● **What is required**: Exact copy, pictures omitted: the line holding "Dichte keuken met" and every line after it down to the end of the entries.

● **Excerpted data**:
- - -
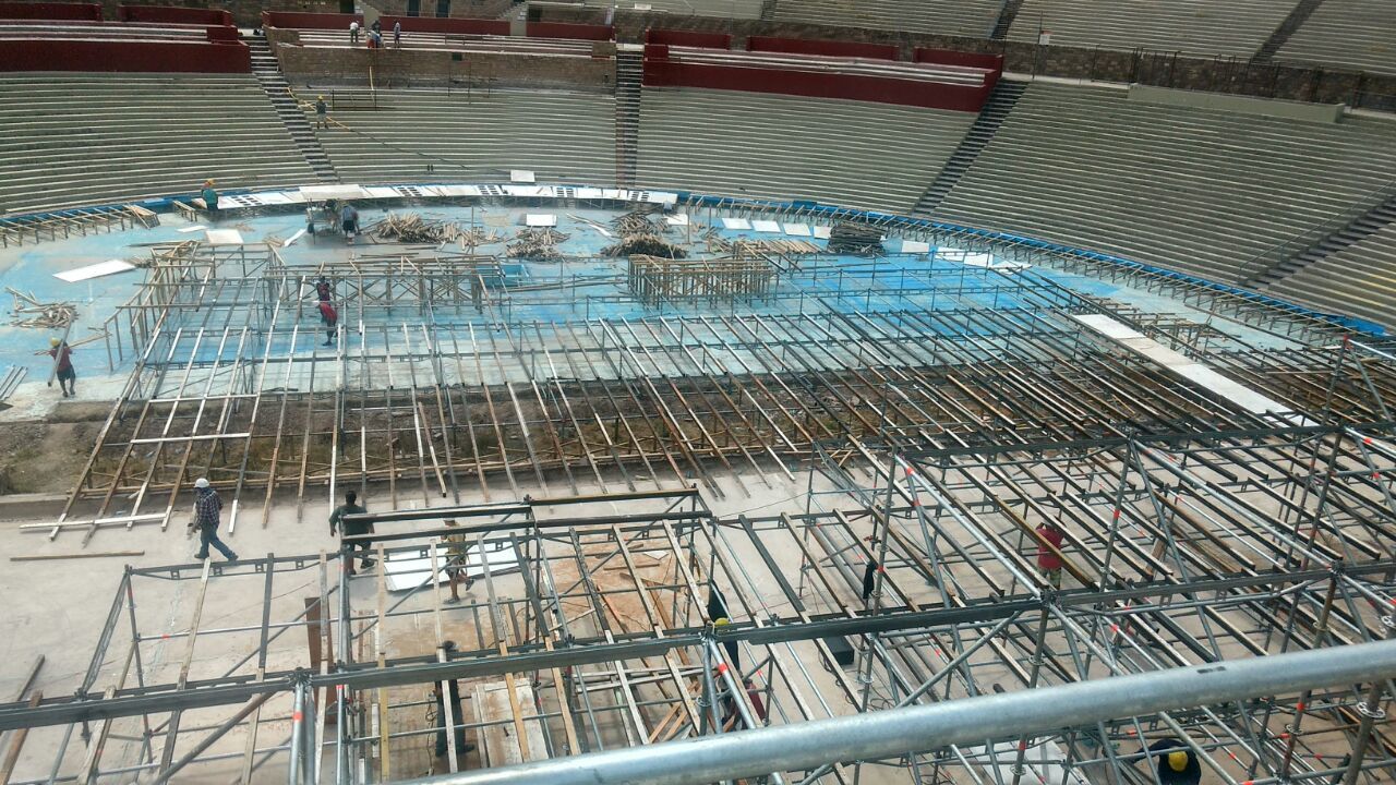 Respecto al montaje escenográfico, el funcionario manifestó que la estructura del escenario presenta un avance del 18%, mientras que la construcción de cajas lumínicas está al 90%. "Las obras avanzan a buen ritmo y el clima nos ayuda, por lo cual estamos sobrados", subrayó. En total se emplean a 90 personas, que se van rotando en grupos de entre 6 y 15 personas para estar en el teatro griego, mientras que las restantes hacen labores de taller.
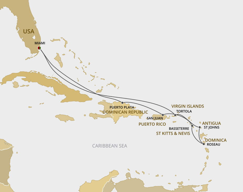 The largest of the British Virgin Islands, Tortola is known for its shimmering beaches, oleander and hibiscus-covered mountainsides, and quaint towns tucked along coves. This early home to Blackbeard and Captain Kidd maintains its salty pirate legacy and rum-making traditions today. Ships will dock or anchor in Road Town Harbour.
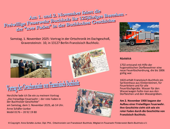 Die Chronik der Freiwilligen Feuerwehr ist Bestandteil der Ortschronik. Die Benutzungsordnung der Ortschronik von Französisch Buchholz kann ich Ihnen auf Anfrage gern zusenden.
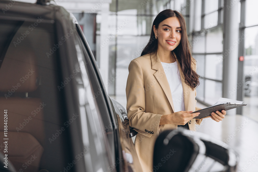 Handsome car dealership female worker in suit is holding a folder and smiling while standing near the car
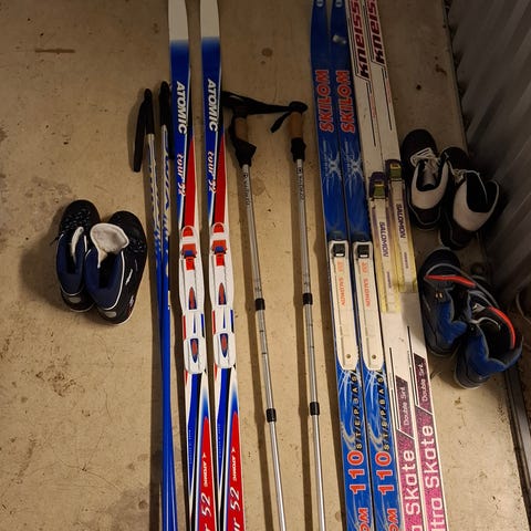 Den ski og skisko vi har brukt bare 3 ganger. Sko storelse er 40, og 42.
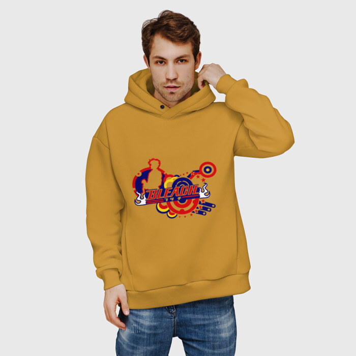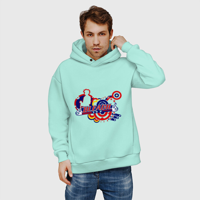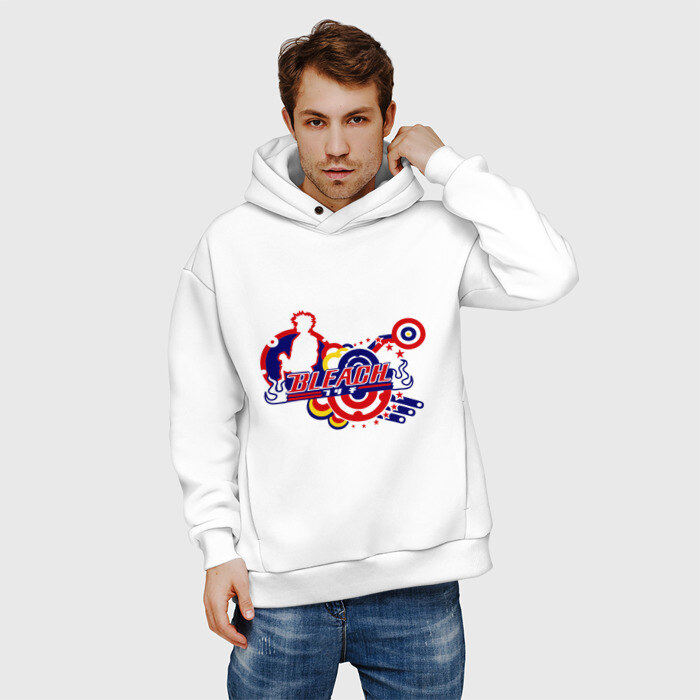 Мужское худи Oversize хлопок с принтом Bleach круги
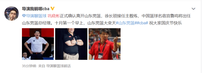 9月30日,山东男篮重新集中,但是教练组并未现身。从最新消息看,巩晓彬确认离开,他的助教杨文海、侯冰将一起离开山东男篮。全新的高速时代,徐长锁将担任山东男篮的主帅,徐长锁也是山东男篮昔日主力,之前曾带领青岛青年队拿到全国冠军,也曾出任国家队助理教练,如今正式成为山东男篮主帅。
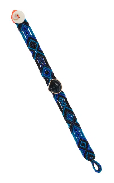 Cowry Bead Baguette Blue Sapphire Surf Cord Bracelet In Lapis Lazuli & Green Paracord
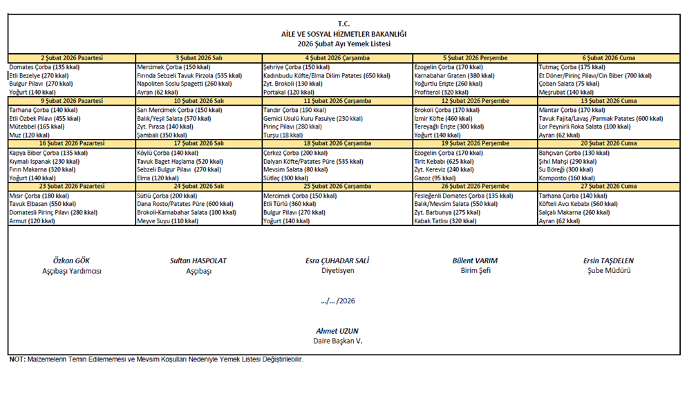 Şubat Ayı Yemek Listesi
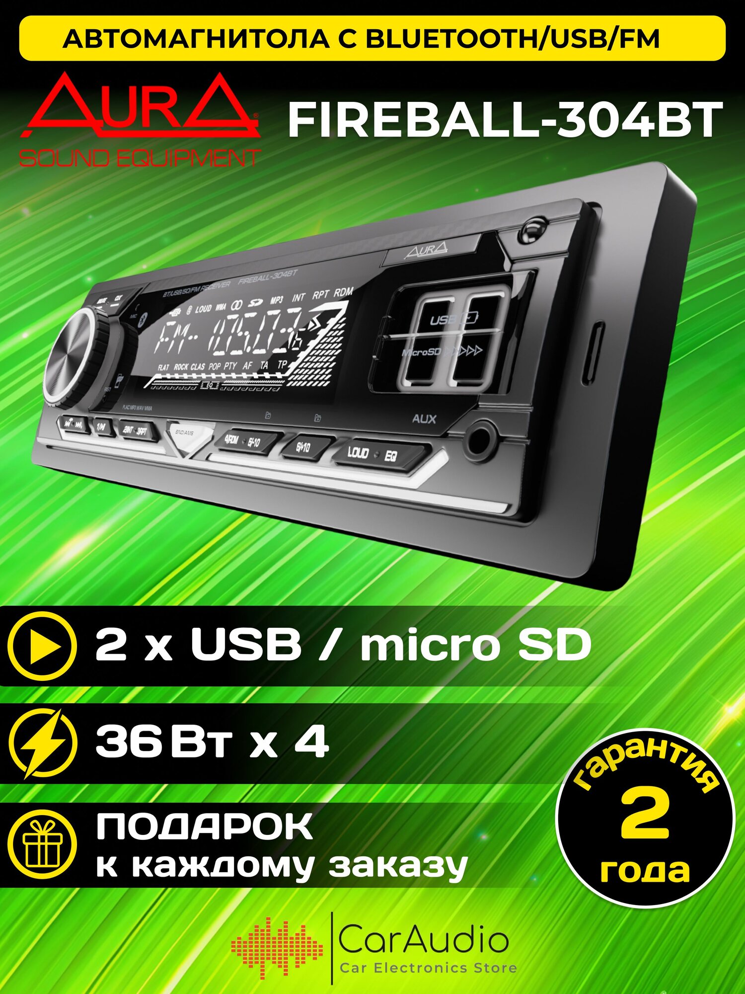 Магнитола Aura FIREBALL-304BT USB/SD-ресивер, белая подсветка интересное:
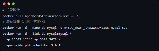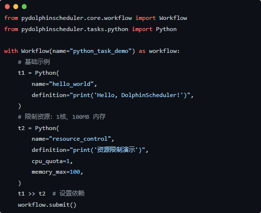 有了 Python SDK(pydolphinscheduler),你可以用代码定义工作流、提交、版本管理,示例非常简单:
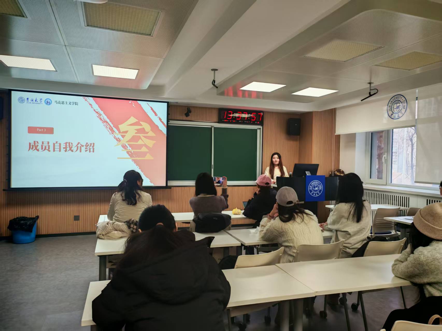 刘盈利同学对M·M学习研究会做基本介绍。围绕“什么是M·M理论学习研究”“为什么要进行M·M理论学习”“如何将M·M理论转化为实践”三大核心问题展开系统介绍。开展M·M理论学习,既是把握时代发展规律、增强“四个自信”的理论需求,也是马院学子筑牢信仰根基、践行青年使命的必然选择。在实践层面,负责人也为成员们明确方向:要依托马院学科优势与师资力量,夯实学术根基,提升研究专业性和前瞻性。
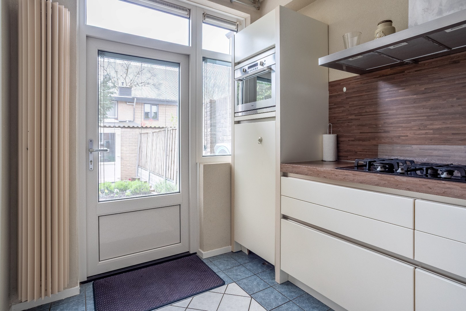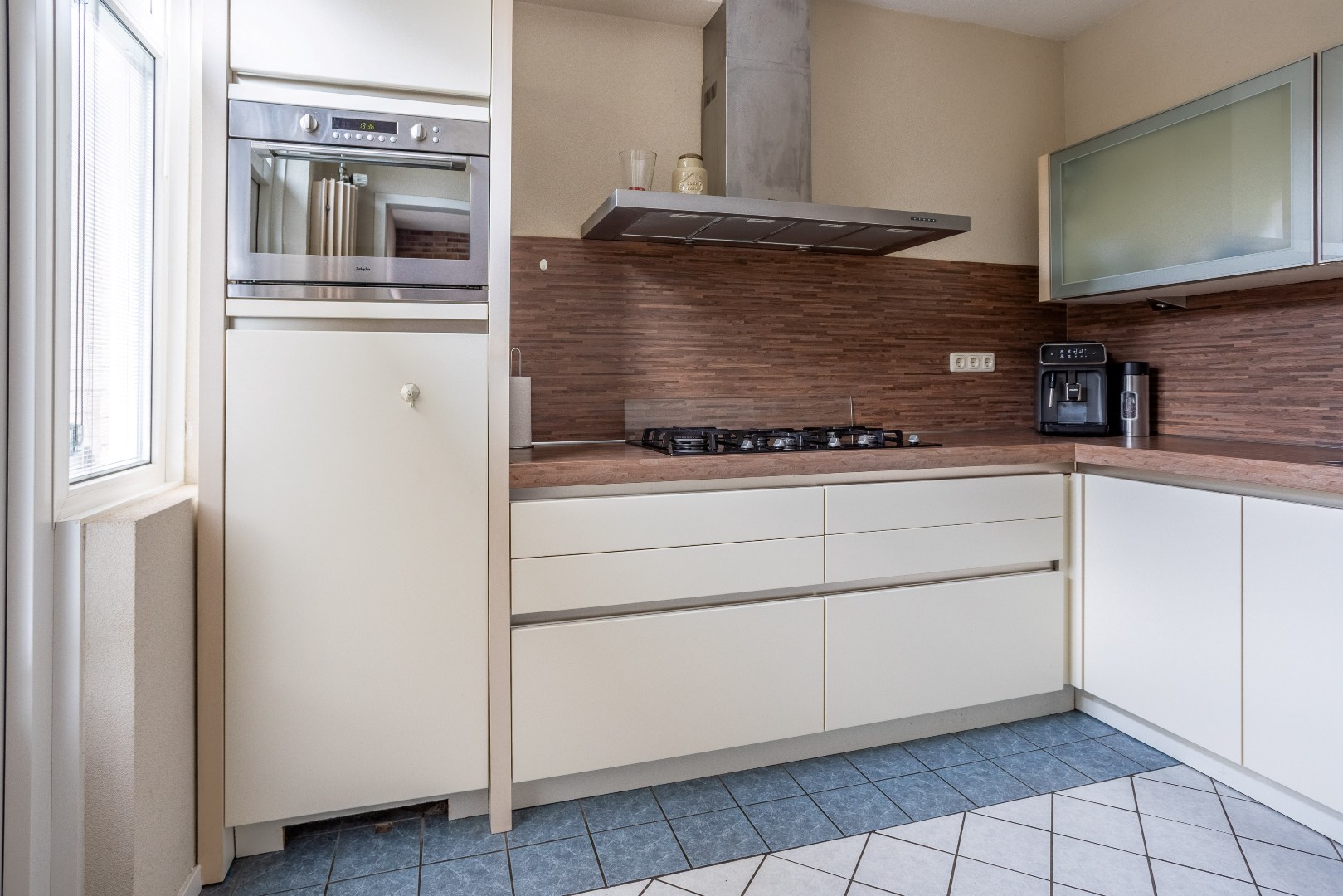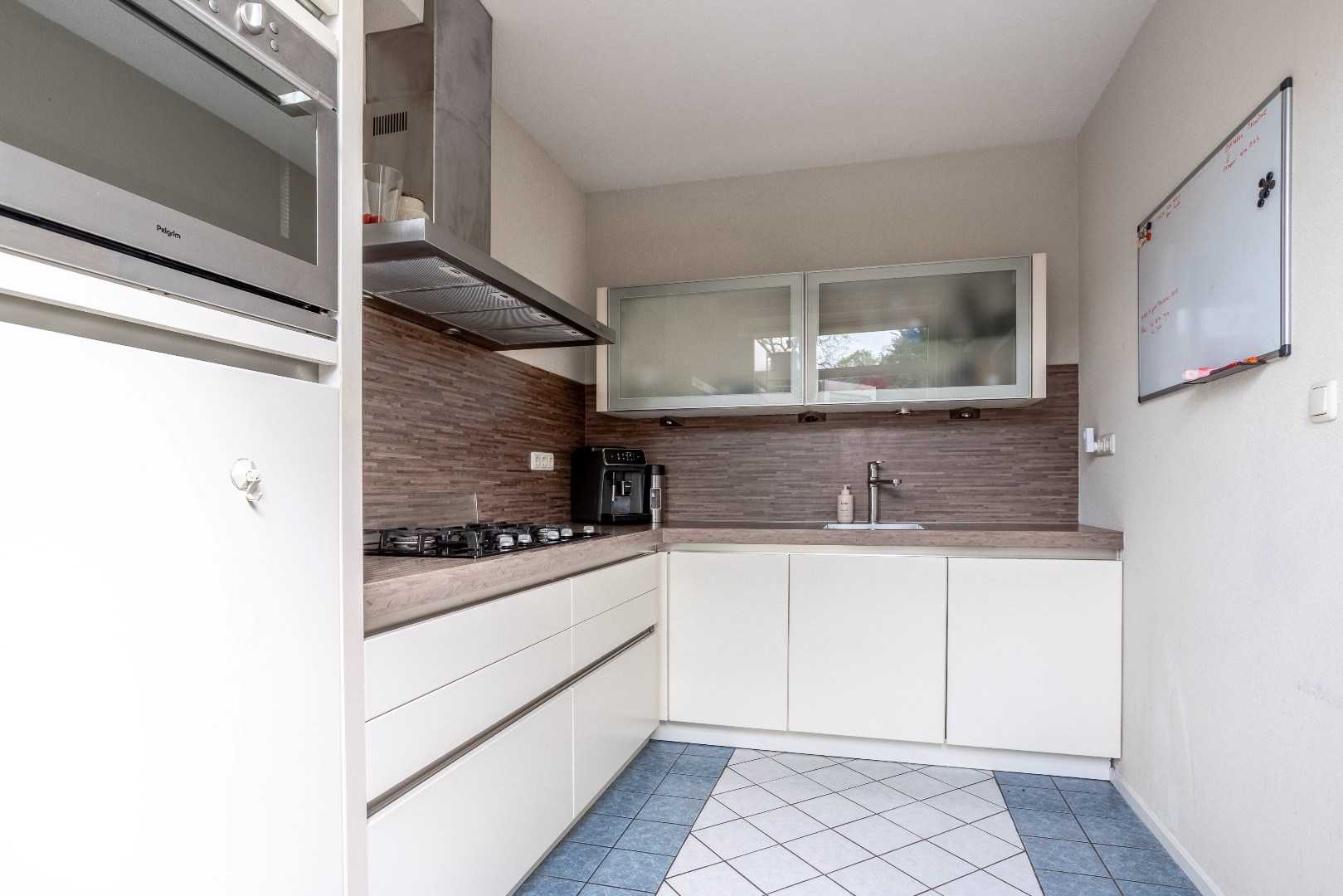 Dichte keuken met L opstelling en inbouwapparatuur t.w.: 5 pits gaskookplaat, brede afzuigkap, vaatwasser en koelkast.
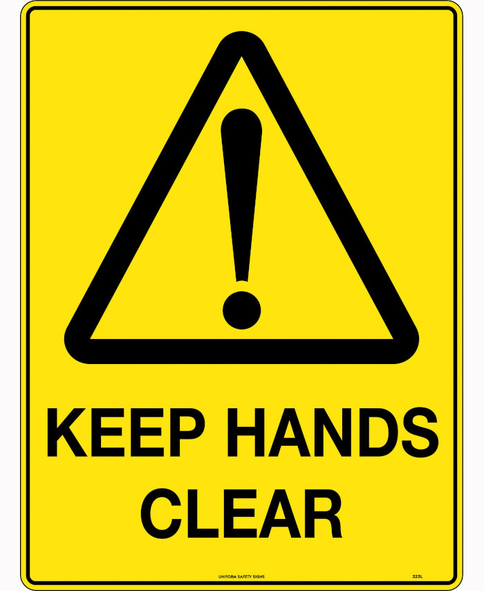 WORKWEAR, SAFETY & CORPORATE CLOTHING SPECIALISTS - 90x55mm - Self Adhesive - Sheet of 10 - Keep Hands Clear
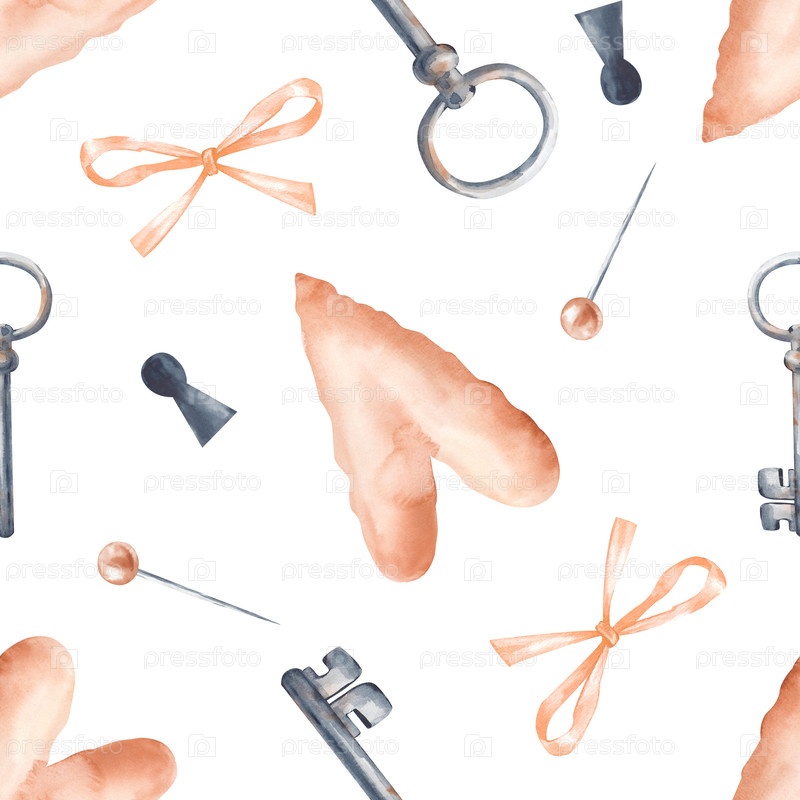 Бесшовный акварельный рисунок с сердцем, ржавым ключом, ключевой дырой, луком и острым штифтом на белом фоне. Элементы нарисованы вручную. Изолированные. Бесшовный фон для скрапбуков, обоев, упаковок и оберточной бумаги
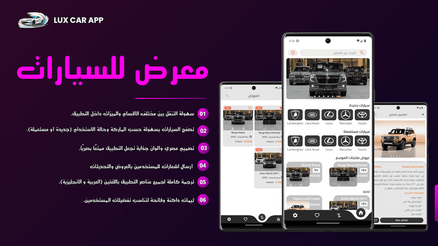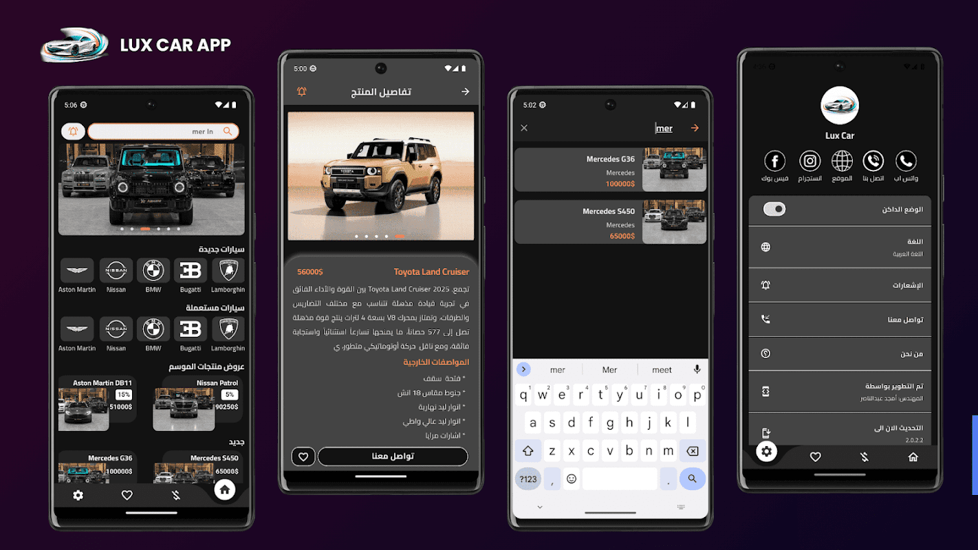 We offer you a smooth user experience and a simple design that allows you to easily browse cars, know their details and prices, and communicate directly with the owners without any intermediaries or complications.
- - -
● **Task result**:
 Dichte keuken met L opstelling en inbouwapparatuur t.w.: 5 pits gaskookplaat, brede afzuigkap, vaatwasser en koelkast.
 WORKWEAR, SAFETY & CORPORATE CLOTHING SPECIALISTS - 90x55mm - Self Adhesive - Sheet of 10 - Keep Hands Clear
 Бесшовный акварельный рисунок с сердцем, ржавым ключом, ключевой дырой, луком и острым штифтом на белом фоне. Элементы нарисованы вручную. Изолированные. Бесшовный фон для скрапбуков, обоев, упаковок и оберточной бумаги
 We offer you a smooth user experience and a simple design that allows you to easily browse cars, know their details and prices, and communicate directly with the owners without any intermediaries or complications.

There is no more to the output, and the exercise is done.